◆ Record excerpts ◆
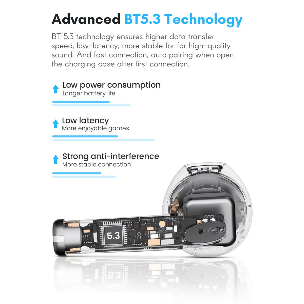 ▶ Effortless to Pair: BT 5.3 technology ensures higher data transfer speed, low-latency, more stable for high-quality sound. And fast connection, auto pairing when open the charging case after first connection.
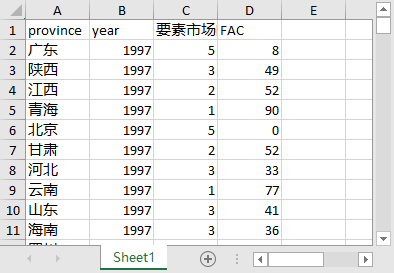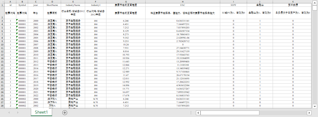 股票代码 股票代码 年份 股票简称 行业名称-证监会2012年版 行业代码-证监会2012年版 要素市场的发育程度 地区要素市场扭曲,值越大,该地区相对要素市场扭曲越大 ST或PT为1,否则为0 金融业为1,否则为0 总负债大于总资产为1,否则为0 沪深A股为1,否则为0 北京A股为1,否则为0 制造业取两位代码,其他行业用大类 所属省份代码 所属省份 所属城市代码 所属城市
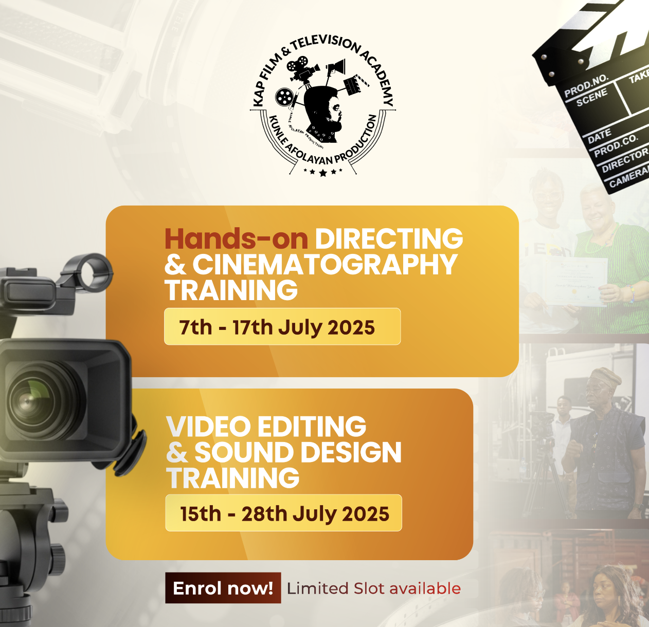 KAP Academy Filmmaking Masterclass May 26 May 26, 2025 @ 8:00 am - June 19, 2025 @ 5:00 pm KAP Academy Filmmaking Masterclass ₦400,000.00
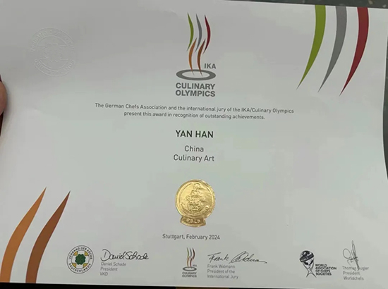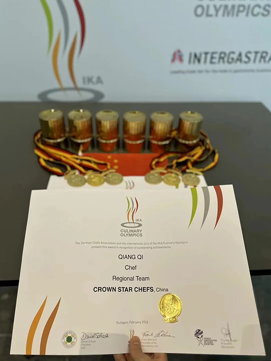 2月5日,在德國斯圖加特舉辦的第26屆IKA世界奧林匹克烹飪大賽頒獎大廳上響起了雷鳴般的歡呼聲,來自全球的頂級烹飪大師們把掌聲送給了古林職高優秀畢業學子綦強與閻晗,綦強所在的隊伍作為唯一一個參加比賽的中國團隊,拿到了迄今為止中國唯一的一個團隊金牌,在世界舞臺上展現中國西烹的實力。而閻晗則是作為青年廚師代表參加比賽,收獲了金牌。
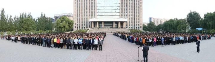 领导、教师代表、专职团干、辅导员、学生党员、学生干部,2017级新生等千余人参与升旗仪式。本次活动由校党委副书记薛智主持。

* * *

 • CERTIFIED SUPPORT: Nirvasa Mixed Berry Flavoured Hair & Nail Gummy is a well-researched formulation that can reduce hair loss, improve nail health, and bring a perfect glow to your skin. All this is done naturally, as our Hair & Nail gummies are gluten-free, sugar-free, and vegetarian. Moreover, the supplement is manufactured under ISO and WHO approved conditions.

◆ Task to complete ◆
Nothing but the lines above from the line with "KAP Academy Filmmaking Masterclass May" up to and including the line with "领导、教师代表、专职团干、辅" should be returned, exactly as written and without pictures.

◆ Reply ◆
 KAP Academy Filmmaking Masterclass May 26 May 26, 2025 @ 8:00 am - June 19, 2025 @ 5:00 pm KAP Academy Filmmaking Masterclass ₦400,000.00
 2月5日,在德國斯圖加特舉辦的第26屆IKA世界奧林匹克烹飪大賽頒獎大廳上響起了雷鳴般的歡呼聲,來自全球的頂級烹飪大師們把掌聲送給了古林職高優秀畢業學子綦強與閻晗,綦強所在的隊伍作為唯一一個參加比賽的中國團隊,拿到了迄今為止中國唯一的一個團隊金牌,在世界舞臺上展現中國西烹的實力。而閻晗則是作為青年廚師代表參加比賽,收獲了金牌。
 领导、教师代表、专职团干、辅导员、学生党员、学生干部,2017级新生等千余人参与升旗仪式。本次活动由校党委副书记薛智主持。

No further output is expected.